Airline	# Flights Delayed	# Flights On Time	Total # Flights	% Flights Delayed	% Flights on Time
ALASKA	501	3274	3775	13.27	86.73
AM WEST	787	6438	7225	10.89	89.11

7. Analysis.

Overall, I see that ALASKA has a higher percentage of flights that arrive with a delay compared to AM WEST. However, AM WEST has about 4,000 more flights recorded in the database than ALASKA.

From the summary table by destination in Step 5, I see that both airlines are delayed most often when the destination is San Francisco.
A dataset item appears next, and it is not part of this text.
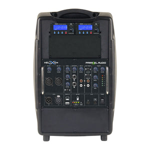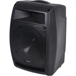 This portable sound system may be small but it's loud with 150 watt pure Class D power to its bi-amped 8" 2-way speaker system. It's AC or DC battery powered giving up to 6 hours of playtime from the standard lead/acid battery. It has a smart charging circuit with a 4-step battery LED indicators and charging LED. It comes with one UHF True Diversity Receiver module fitted, with the option for more to be added. It has a 3-band EQ and an auto-limiting circuit to protect the amp and speakers.

This could lead to the conclusion that something about the San Francisco airport causes more arrival delays than other airports.

However, it’s important to note that the airlines don’t go to each destination equally – for example, more ALASKA planes go to Seattle than AM WEST, and more AM WEST planes go to Phoenix than ALASKA. This unequal distribution could affect the results. We also don’t have data about the individual airports, like how busy each they usually get, or the efficiency of their air traffic controllers.